-
Notifications
You must be signed in to change notification settings - Fork 2
Open
Labels
Description
Research: Binary Export Format for AST Graph
🎯 Goal
Evaluate and implement a binary export format for the AST graph to enable:
- Efficient data exchange between tools
- Offline analysis without database
- Backup and restore functionality
- Integration with external analysis tools
📋 Current State
- ✅ Graph stored in Neo4j (Bolt protocol)
- ✅ Vector embeddings in Qdrant (HTTP API)
- ✅ Configuration in JSON format
- ✅ Parse cache in SQLite
- ❌ No graph export functionality
- ❌ No binary serialization
- ❌ No backup/restore mechanism
- ❌ No integration with external tools
🔍 Research Questions
1. Format Selection
Candidates:
| Format | Pros | Cons | Use Case |
|---|---|---|---|
| Protobuf | Strong typing, schema evolution, fast | Requires .proto files, compilation | Inter-tool communication |
| MessagePack | Simple, no schema needed, compact | No built-in validation | Quick serialization |
| Pickle | Python-native, easy | Python-only, security risks | Internal caching |
| Apache Arrow | Columnar, analytics-friendly | Complex, overkill for graphs | Data analysis |
| GraphML | Standard for graphs, XML-based | Verbose, text-based | Interchange format |
| GEXF | Graph exchange format | Limited tooling | Visualization tools |
| Custom binary | Optimized for our schema | Maintenance burden | Performance-critical |
Recommended: Protobuf + MessagePack fallback
Rationale:
- Protobuf for structured data exchange (schema validation)
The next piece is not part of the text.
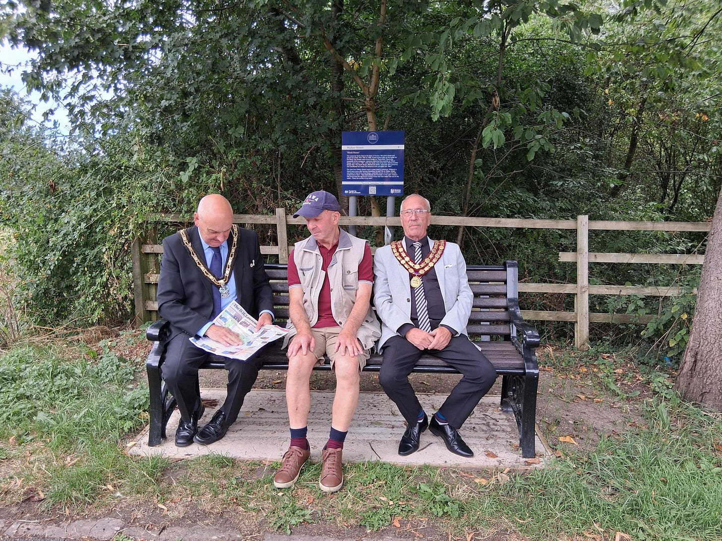 You may be thinking from this picture that the Beastie Boys have dug out their bling and reunited, but you are mistaken. This is Councillor Robert Bullock, David Amos, and Town mayor Ken Woodhead posing on a bench on the D.H. Lawrence trail to kick off the 2025 D.H. Lawrence Festival.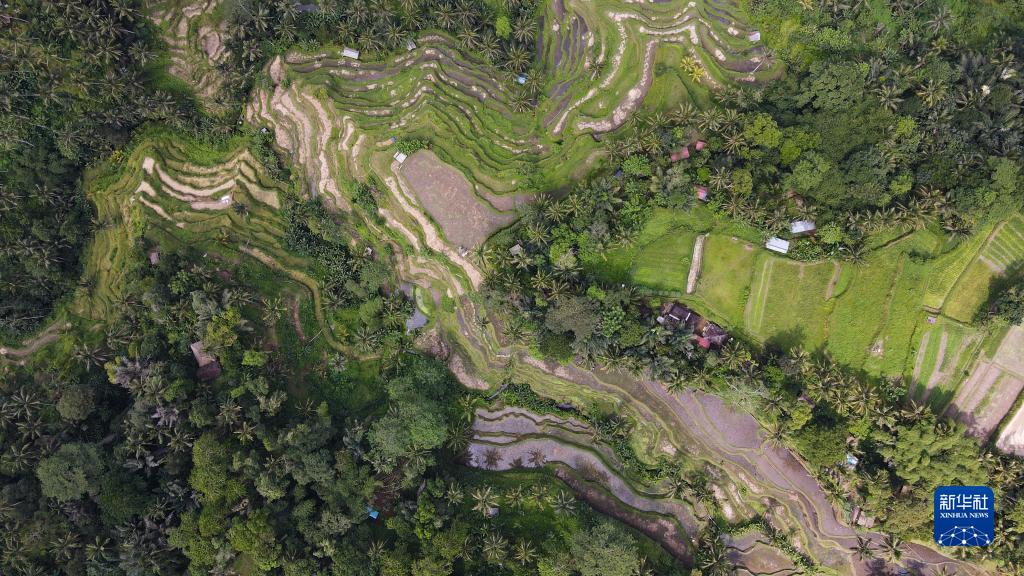 这是12月20日在印度尼西亚巴厘岛拍摄的德格拉朗梯田(无人机拍摄)。 印度尼西亚巴厘省统计局数据显示,受新冠疫情影响,今年1月至10月巴厘岛仅接待45名国际游客。不过,随着新年假期临近,印尼国内旅游业显现逐渐恢复的迹象。 新华社记者 徐钦 摄

- MessagePack for quick internal serialization
- Both support streaming (large graphs)
2. Schema Design (Protobuf)
Proposed .proto file:
syntax = "proto3";
package ast_rag;
// Node types matching our AST
enum NodeKind {
NODE_KIND_UNSPECIFIED = 0;
NODE_KIND_PROJECT = 1;
NODE_KIND_PACKAGE = 2;
NODE_KIND_MODULE = 3;
NODE_KIND_FILE = 4;
NODE_KIND_CLASS = 5;
NODE_KIND_INTERFACE = 6;
NODE_KIND_FUNCTION = 7;
NODE_KIND_METHOD = 8;
// ... etc
}
enum EdgeKind {
EDGE_KIND_UNSPECIFIED = 0;
EDGE_KIND_CONTAINS_FILE = 1;
EDGE_KIND_CALLS = 2;
EDGE_KIND_IMPORTS = 3;
EDGE_KIND_INHERITS = 4;
// ... etc
}
message ASTNode {
string id = 1;
NodeKind kind = 2;
string name = 3;
string qualified_name = 4;
string lang = 5;
string file_path = 6;
int32 start_line = 7;
int32 end_line = 8;
optional string signature = 9;
optional string source_text = 10;
string project_id = 11;
string valid_from = 12;
optional string valid_to = 13;
map<string, string> metadata = 14;
}
message ASTEdge {
string id = 1;
EdgeKind kind = 2;
string from_id = 3;
string to_id = 4;
optional string label = 5;
float confidence = 6;
string resolution_method = 7;
string valid_from = 8;
optional string valid_to = 9;
map<string, string> metadata = 10;
}
message ASTGraph {
string project_id = 1;
string export_timestamp = 2;
string git_commit = 3;
repeated ASTNode nodes = 4;
repeated ASTEdge edges = 5;
map<string, bytes> embeddings = 6; // node_id -> vector bytes
ExportMetadata metadata = 7;
}
message ExportMetadata {
string ast_rag_version = 1;
int32 node_count = 2;
int32 edge_count = 3;
repeated string languages = 4;
int64 total_size_bytes = 5;
}3. Implementation Approaches
Option A: Full Graph Export
def export_graph(driver: Driver, output_path: str, format: str = "protobuf") -> None:
nodes = fetch_all_nodes(driver)
edges = fetch_all_edges(driver)
embeddings = fetch_all_embeddings(driver)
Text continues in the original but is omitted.